» DATA SHOWN:
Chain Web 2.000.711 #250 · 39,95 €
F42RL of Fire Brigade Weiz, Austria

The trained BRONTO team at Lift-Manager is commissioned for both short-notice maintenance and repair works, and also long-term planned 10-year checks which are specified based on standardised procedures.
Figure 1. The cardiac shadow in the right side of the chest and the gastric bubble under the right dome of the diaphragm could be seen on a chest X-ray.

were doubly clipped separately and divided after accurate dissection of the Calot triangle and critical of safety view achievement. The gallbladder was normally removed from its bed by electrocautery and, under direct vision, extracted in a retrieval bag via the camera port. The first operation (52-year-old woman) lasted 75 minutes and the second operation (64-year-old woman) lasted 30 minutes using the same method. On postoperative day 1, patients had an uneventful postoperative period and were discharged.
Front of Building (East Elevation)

---

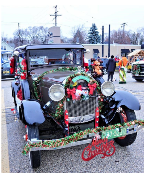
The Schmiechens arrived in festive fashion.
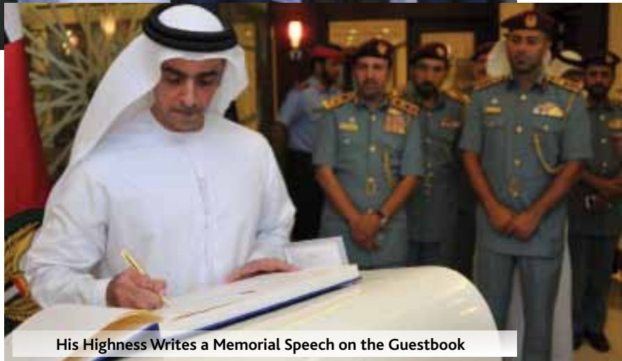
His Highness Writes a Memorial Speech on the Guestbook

==

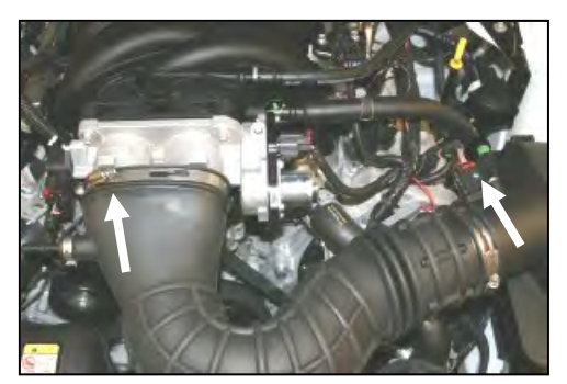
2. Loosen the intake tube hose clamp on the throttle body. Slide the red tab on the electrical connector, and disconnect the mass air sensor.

» TASK INSTRUCTIONS: A word-for-word copy of the lines above from the one with "Chain Web 2.000.711 #250 · 39,95 €" through the one with "Front of Building (East Elevation)", inclusive, is the only output wanted.

» WRITTEN SOLUTION:
Chain Web 2.000.711 #250 · 39,95 €
F42RL of Fire Brigade Weiz, Austria

The trained BRONTO team at Lift-Manager is commissioned for both short-notice maintenance and repair works, and also long-term planned 10-year checks which are specified based on standardised procedures.
Figure 1. The cardiac shadow in the right side of the chest and the gastric bubble under the right dome of the diaphragm could be seen on a chest X-ray.

were doubly clipped separately and divided after accurate dissection of the Calot triangle and critical of safety view achievement. The gallbladder was normally removed from its bed by electrocautery and, under direct vision, extracted in a retrieval bag via the camera port. The first operation (52-year-old woman) lasted 75 minutes and the second operation (64-year-old woman) lasted 30 minutes using the same method. On postoperative day 1, patients had an uneventful postoperative period and were discharged.
Front of Building (East Elevation)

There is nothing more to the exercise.